Records shown START

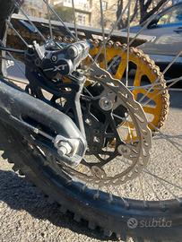 Elenco upgrade montati recentemente: forcella tech 230mm, batteria 60v 70a, freni shimano con dischi flottante maggiorati, corona, manubrio con rise rialzato, gomme enduro nuove, pedaline, codone.
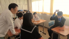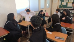 贈呈のセレモニーでは、民生委員の方から「高齢者の方々は、この取り組みを楽しみにしていらっしゃる」と伝えていただきました。作製した色紙で、喜んでいただけたり、元気づけることができることがうれしいですね。
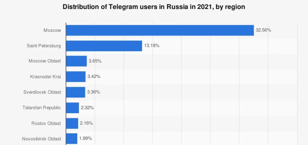 (2021年,俄罗斯Telegram用户分布,按地区)
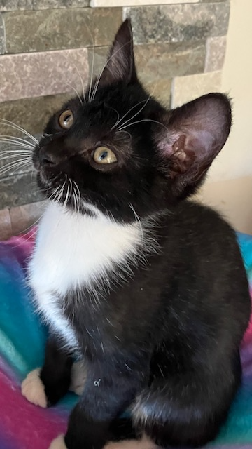 Stash -adoptedMale3 MonthsStash is a 10 week old back and white short hair with an equally cute brother names Mikey. He has a gentle personality with a purr that can be heard across the room.
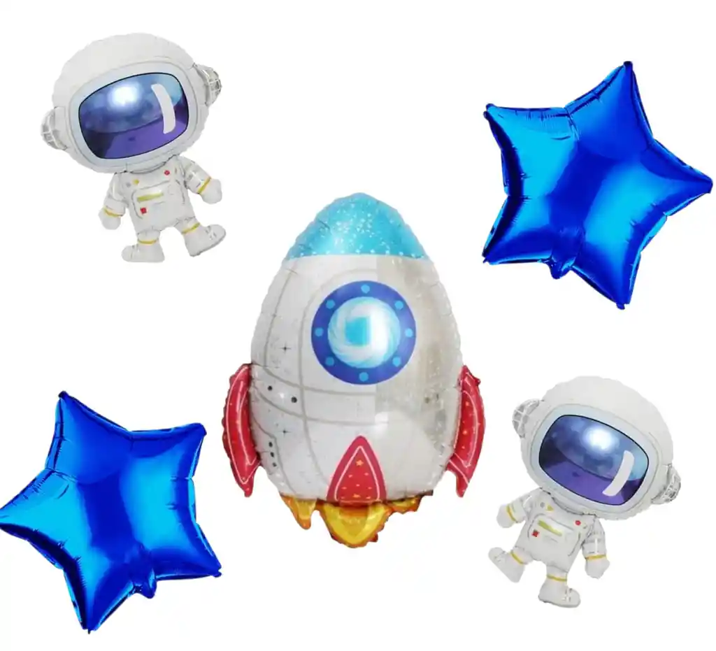 Set De Globo Cohete * 5 Pcs; contiene: 1 globo astronauta 66*54 cms, 2 Globo estrella azul rey 18", 2 globo astronauta 25*37 Cms", lo puedes utilizar para fiestas de cumpleaños, decoraciones, celebraciones, fiestas de astronauta,Happy Brthday, Medellín
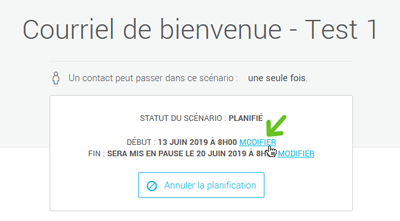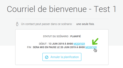 - Cliquez sur le bouton "Annuler la planification" et faites "Oui" pour confirmer. Le scénario redeviendra alors en mode construction.
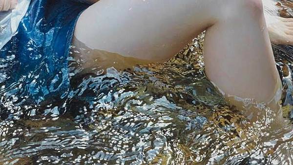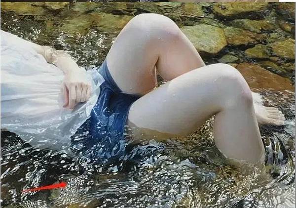 一幅日本畫家名叫三重野慶超寫實油畫《水中少女》,放大8倍,皮膚清晰可見-畫中女孩的身體放大8倍,她的皮膚清晰可見,劉海則一縷一縷地貼在額頭上,陽光照在她的臉上,看起來美極了。而她穿的白色T恤,也因被水浸濕而變成半透明狀態,T恤里的皮膚若隱若現 https://bit.ly/3RpOUlz
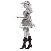 Welcome aboard in our Ghost Ship and get ready to sail the seven seas in our Ghost Ship Pirate Treasure Costume. This fantastic costume includes the well detailed, silvery/grey and white silk dress. It has extra lace trimmings around the hemlines in a gorgeous lace print with included tattered pieces. The silver jacket is sewn onto the dress to make this one piece look like a dress and coat. This costume also includes the amazing, wide brimmed, soft material hat with extra lace detailing as well. Add in our Ghost Ship Make Up Kit for those extra touches. Boots, wig and eye patch are not included with this costume.
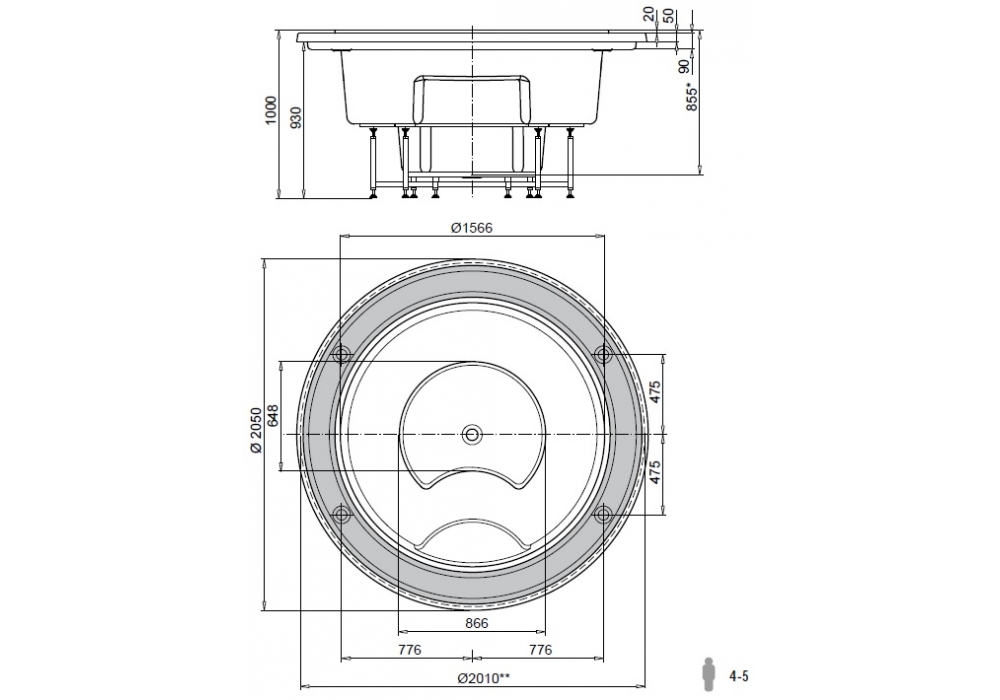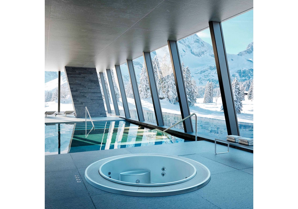 MySpa 0F210 designed by Glass Lab is an overflow built-in spa with 21 whirlpool jets, 24 airpool jets, chromotherapy, aromatherapy, external pneumatic buttons. Ozone system as optional. Grey insulating cover compulsory. Also available in 3 versions.

Records shown END

Give again, word for word, every line from the top of the entries above to the line holding "Welcome aboard in", both included. Leave the pictures out.

Answer for the task →
 Elenco upgrade montati recentemente: forcella tech 230mm, batteria 60v 70a, freni shimano con dischi flottante maggiorati, corona, manubrio con rise rialzato, gomme enduro nuove, pedaline, codone.
 贈呈のセレモニーでは、民生委員の方から「高齢者の方々は、この取り組みを楽しみにしていらっしゃる」と伝えていただきました。作製した色紙で、喜んでいただけたり、元気づけることができることがうれしいですね。
 (2021年,俄罗斯Telegram用户分布,按地区)
 Stash -adoptedMale3 MonthsStash is a 10 week old back and white short hair with an equally cute brother names Mikey. He has a gentle personality with a purr that can be heard across the room.
 Set De Globo Cohete * 5 Pcs; contiene: 1 globo astronauta 66*54 cms, 2 Globo estrella azul rey 18", 2 globo astronauta 25*37 Cms", lo puedes utilizar para fiestas de cumpleaños, decoraciones, celebraciones, fiestas de astronauta,Happy Brthday, Medellín
 - Cliquez sur le bouton "Annuler la planification" et faites "Oui" pour confirmer. Le scénario redeviendra alors en mode construction.
 一幅日本畫家名叫三重野慶超寫實油畫《水中少女》,放大8倍,皮膚清晰可見-畫中女孩的身體放大8倍,她的皮膚清晰可見,劉海則一縷一縷地貼在額頭上,陽光照在她的臉上,看起來美極了。而她穿的白色T恤,也因被水浸濕而變成半透明狀態,T恤里的皮膚若隱若現 https://bit.ly/3RpOUlz
 Welcome aboard in our Ghost Ship and get ready to sail the seven seas in our Ghost Ship Pirate Treasure Costume. This fantastic costume includes the well detailed, silvery/grey and white silk dress. It has extra lace trimmings around the hemlines in a gorgeous lace print with included tattered pieces. The silver jacket is sewn onto the dress to make this one piece look like a dress and coat. This costume also includes the amazing, wide brimmed, soft material hat with extra lace detailing as well. Add in our Ghost Ship Make Up Kit for those extra touches. Boots, wig and eye patch are not included with this costume.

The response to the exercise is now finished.